No, it does not serialize code as a string. It serializes classes, functions, and several other objects (mostly singletons) by name. This is a different thing. It does not run any code serialized as string upon deserialization. It resolves objects (which must exist in your program) by name.

Both directions are customizable: reducer_override and dispatch upon serialization and find_class (it is not only for classes) upon deserialization. By default there are no restrictions, but the user can create Pickler and Unpickler classes with flexible restrictions. This does not require adding a new pickle protocol.

Unfortunately, there are other vulnerabilities in the pickle protocol (and many other serialization protocols), without involving any custom classes. I am working on fixing this.

7 Likes

classes, functions, and several other objects (mostly singletons) by name.

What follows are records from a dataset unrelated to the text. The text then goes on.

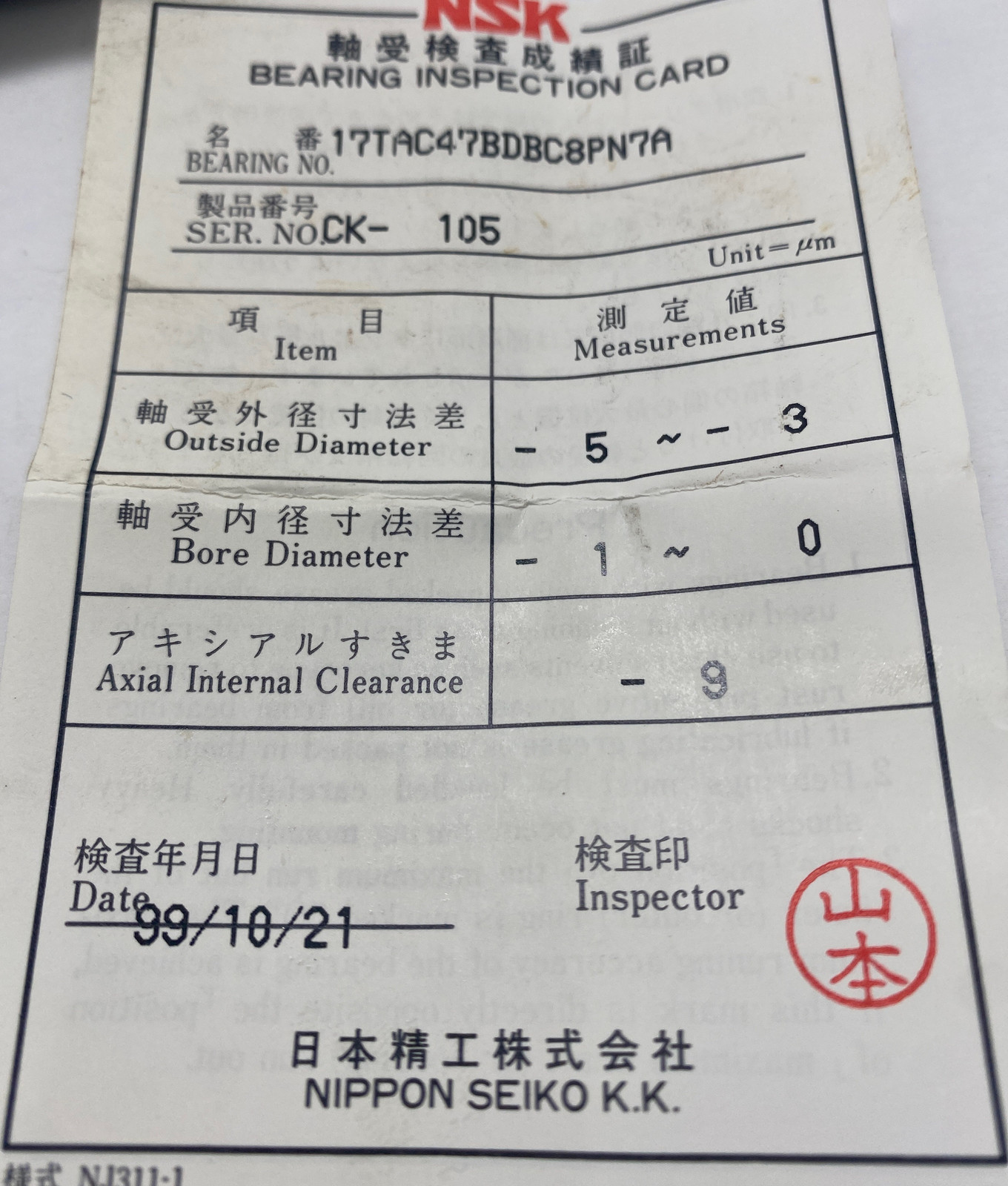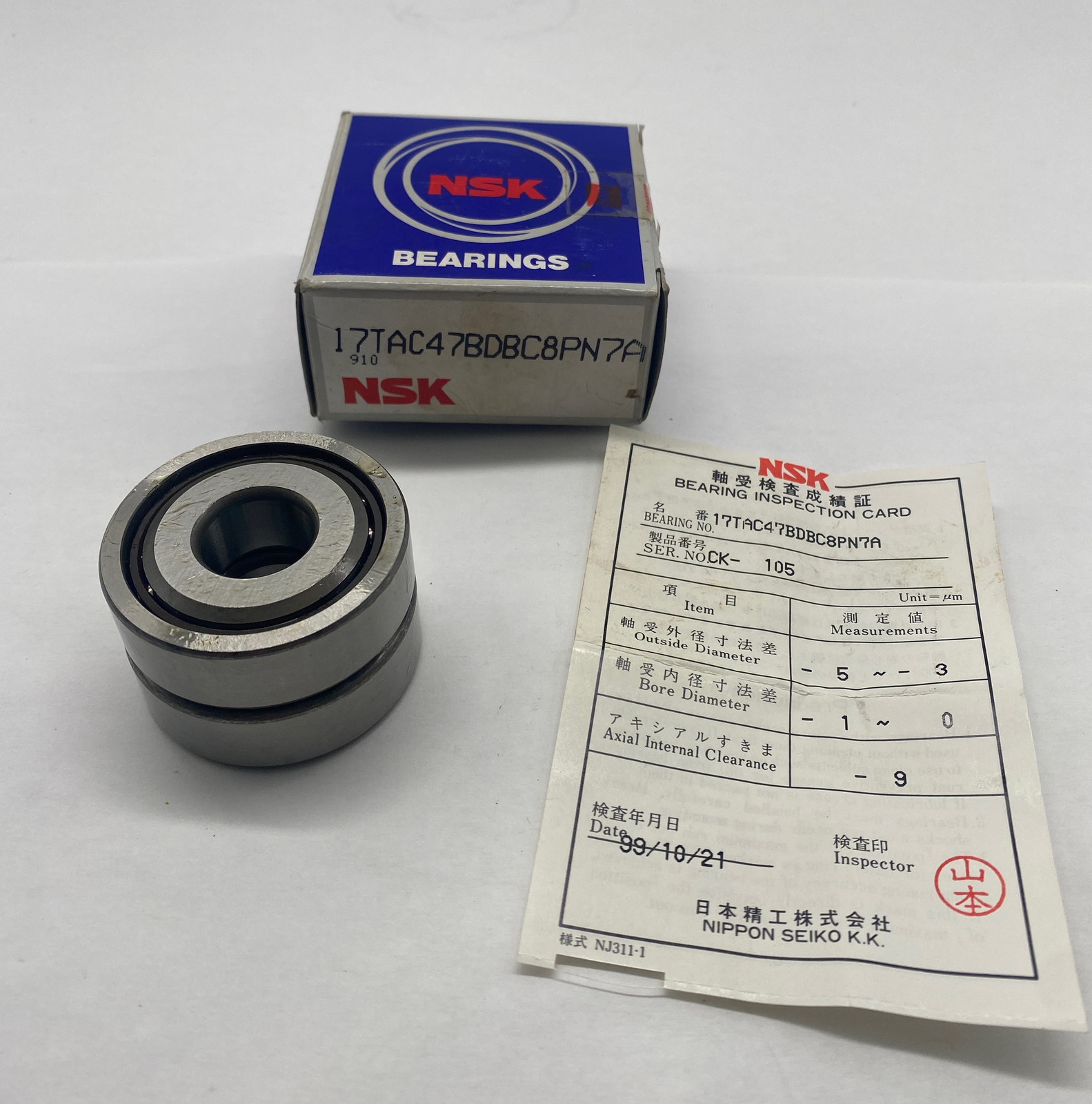 - NSK 17TAC47BDBC8PN7A Ball Bearing 1" Bore Diameter, Set of Two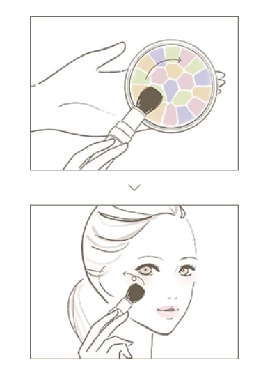 ラ プードルの上にパフをあて、パフを45度ほど回転させ、5色のペールカラーがほどよくブレンドされるようにお粉をとります。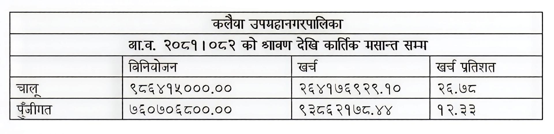 काठमाडौं । बाराको कलैया उपमहानगरपालिकाले चालू आर्थिक वर्ष २०८२–८३ को पहिलो त्रैमासिकमा बजेट खर्चमा अपेक्षित प्रगति हासिल गर्न सकेको देखिँदैन । उपमहानगरले सार्वजनिक गरेको पहिलो त्रैमासिक प्रगति विवरण अनुसार, गत वर्षको तुलनामा यस वर्ष बजेटको आकार बढाए पनि पुँजीगत खर्च खस्किएर १० प्रतिशतभन्दा तल खुम्चिएको छ ।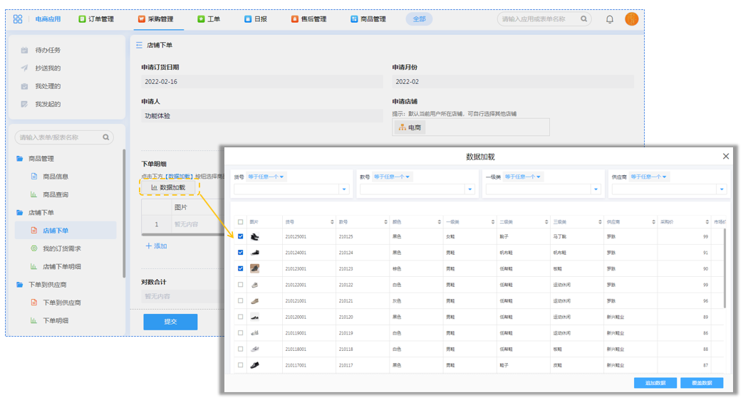 店铺采购下单,下单明细可以通过数据加载功能直接在商品信息列表中勾选,减少重复的手动录入操作。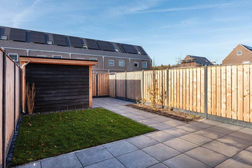 - De achtertuin is afgesloten middels een schutting (betonpalen met houten schuttingdelen)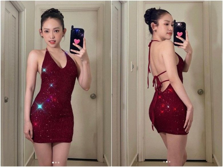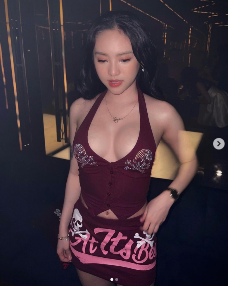 Mặc cả combo váy áo màu đỏ sậm đi "quẩy", Thuý Vi hút mọi ánh nhìn vào đường cong hình thể chuẩn mực và làn da trắng mịn.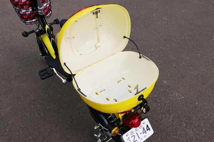 リアボックスはオプションだが、大量の荷物を運ぶ頻度が高いようなら用意したほうがよいだろう。鍵をかけることもできるので、安全性も高い。メーカー希望小売価格は3,800円(税別)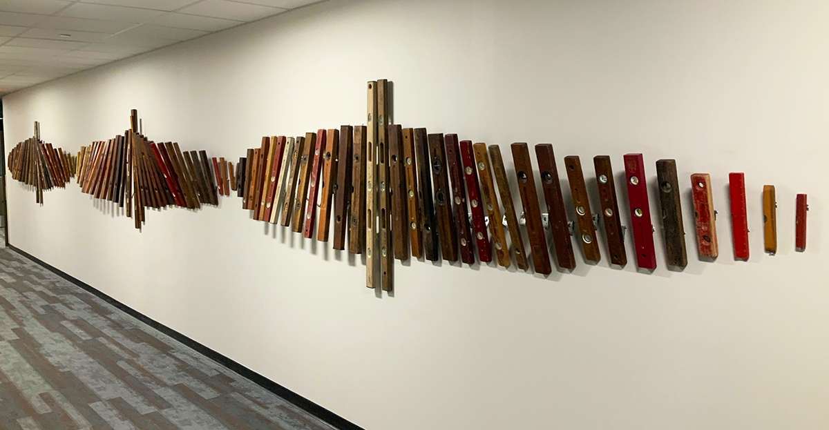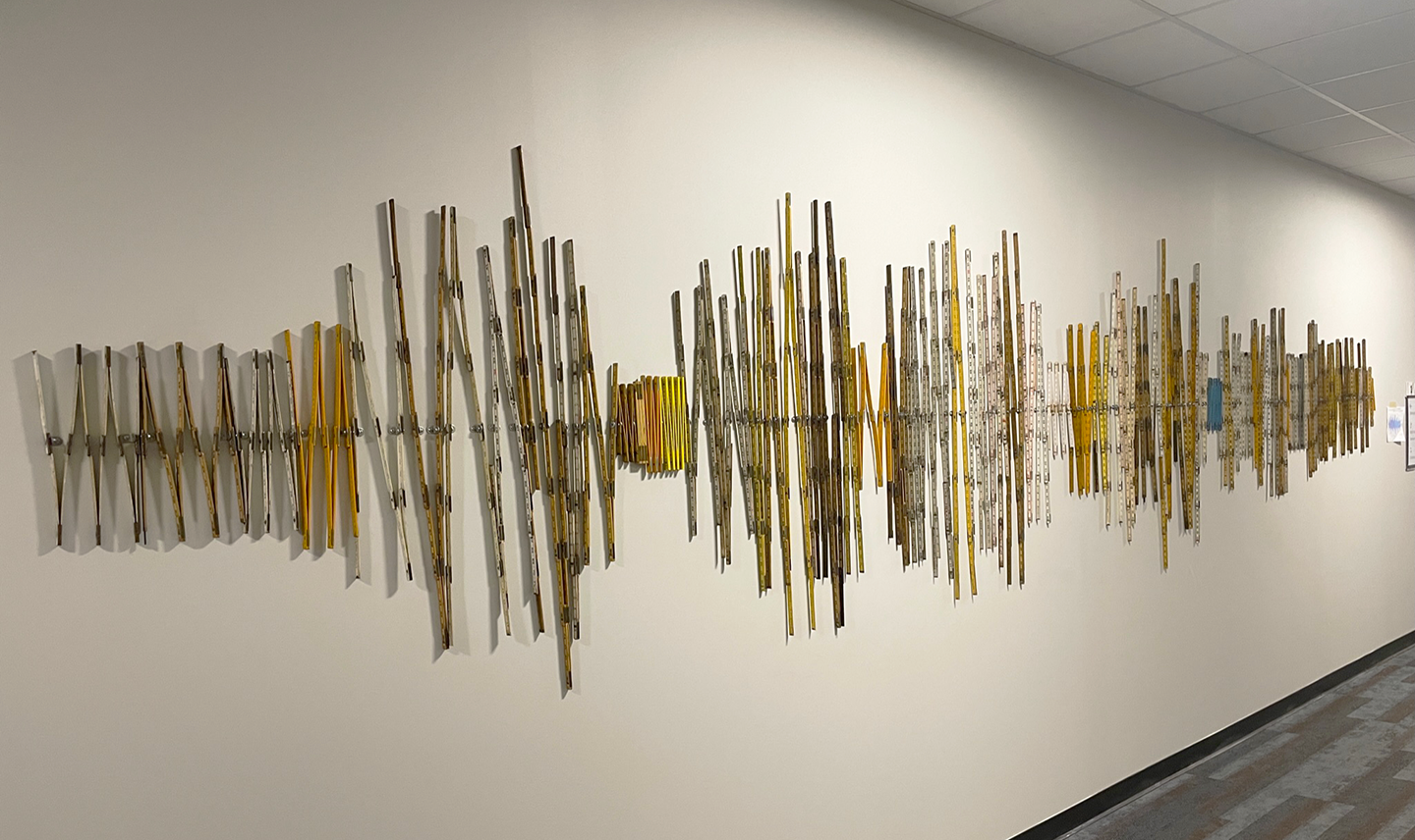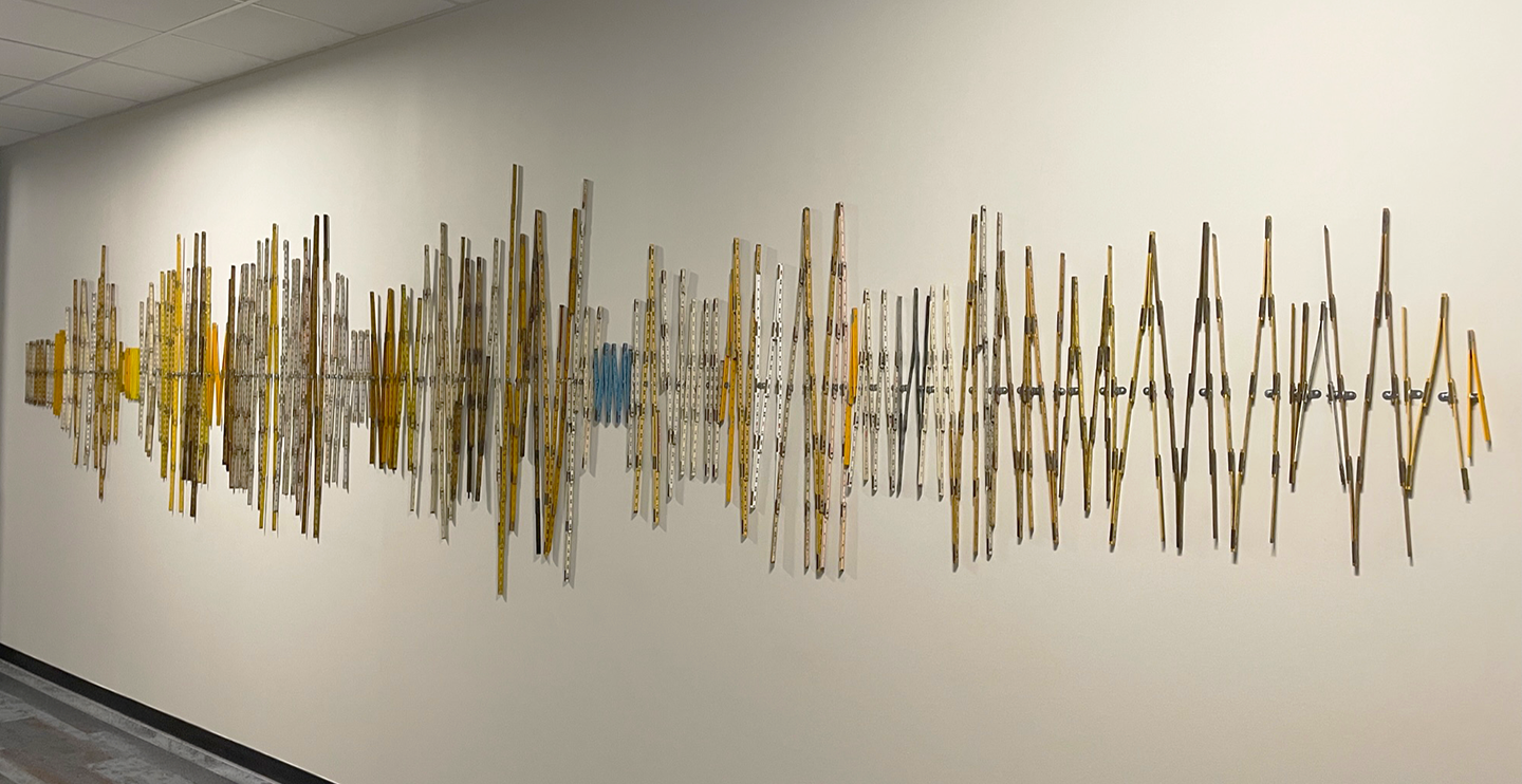 The work bridges language and labor, turning the spoken identity of the training center into something measurable, tangible, and built by hand. The rulers; tools of precision and trade, become the visual rhythm of the name itself, capturing the cadence, rise, and fall of sound. In this way, the building quite literally holds its own voice within its walls.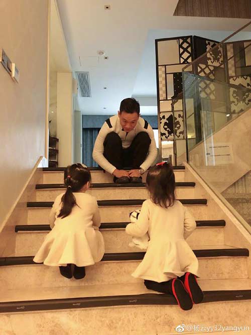 2月19日晚,杨云在微博晒出双胞胎女儿和杨威的互动照片,并配文称:“我有要求时,只用派她俩去谈判成功率高达100%。”照片中,女儿们身穿白色连衣裙,趴在楼梯口,似乎在跟爸爸说着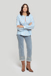 Tejido mezcla de algodón. Estilo tejano vaquero. Diseño Culotte. Diseño recto. Tiro alto. Cinco bolsillos. Cierre de cremallera y botón. Trabillas. Bajo con estampado y strass. Bajo sin rematar. Talla modelo: 36. Altura modelo 1,75 m.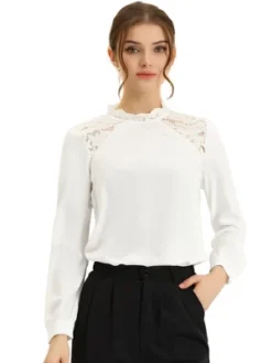 A weekday-to-weekend go-to, this blouse is always a delectable choice for your daily look! Framed with a lace neck and shoulder, this chiffon blouse is charming, feminine, and stylish. Wear with solid pants, that is perfect for daily wear or working. Suit for spring/fall and for many occasions, such as office, work, meeting, dating, and shopping.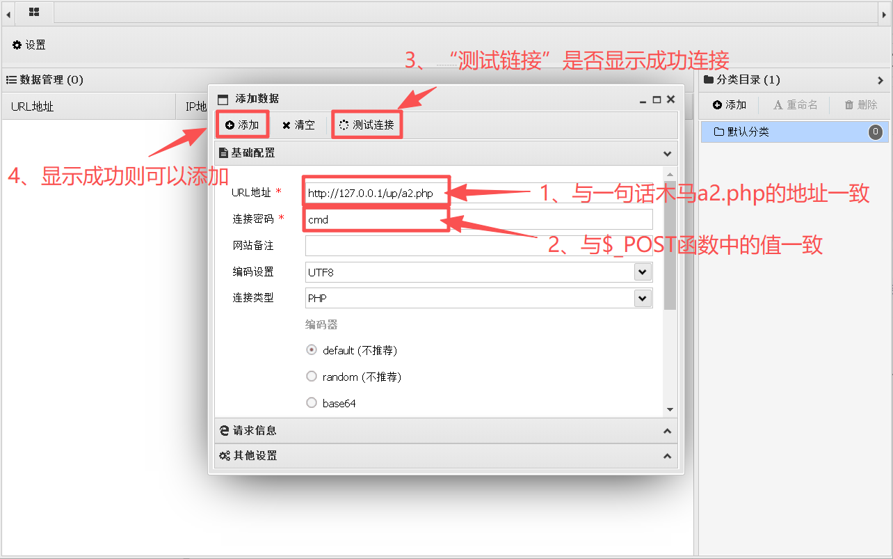 ① URL地址要与已经上传的一句话木马地址一致,即a2.php的地址。连接密码要与$_POST[]中所设的值一致,即"cmd"为连接密码。参数最终设置如下: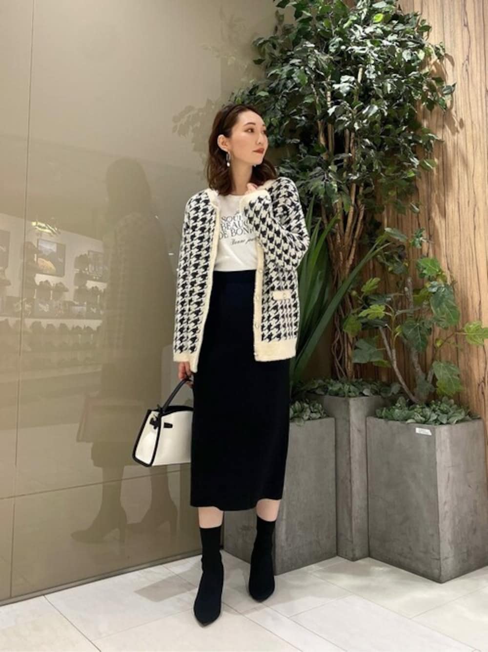 162cm / 骨格ナチュラル / ブルベ冬 【着用サイズ 】カットソー:FR カーデ:M セットアップ:M 【普段サイズ 】カットソー:S カーデ:S セットアップ:S セットアップのスカートを使った着回しコーデ♡ ハイゲージのタイトスカートなので、ヒップラインを強調せず、リラックス感のある着心地が嬉しい一枚。 シンプルなニットスカートなので、カジュアルなロゴTやざっくりとしたカーデ合わせにすることで、大人っぽさのあるクールな着こなしも叶います♪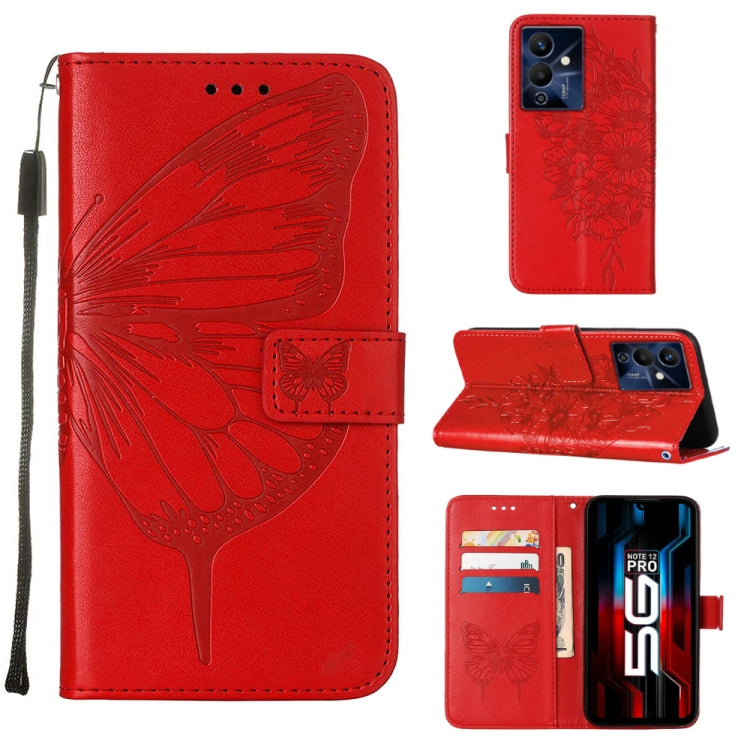 Estuche para Infinix Note 12 Pro 5G de Cuero con Tapa de Mariposa en Relieve (Rojo)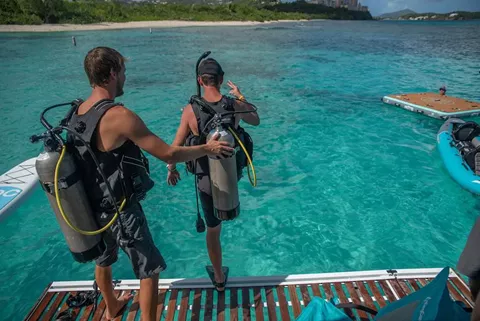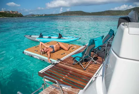 For our underwater adventure seekers, Karma is fully equipped with scuba diving and snorkeling equipment, and a hydraulic swim platform for easy access in and out of the water. Above the water, paddle along on our SUPs or our two person kayak, or take a load off on the floating dock Lily Pad.

I did call them code objects, which (perhaps confusingly, as I hadn’t remembered and I’ve worked with the inspect module in the past) ironically are not pickleable (and neither are dict values containing lambda funcs, though classes are)
From 3. Data model — Python 3.12.2 documentation ::

.2.13.1. Code objects
Code objects represent byte-compiled executable Python code, or bytecode. The difference between a code object and a function object is that the function object contains an explicit reference to the function’s globals (the module in which it was defined), while a code object contains no context; also the default argument values are stored in the function object, not in the code object (because they represent values calculated at run-time). Unlike function objects, code objects are immutable and contain no references (directly or indirectly) to mutable objects.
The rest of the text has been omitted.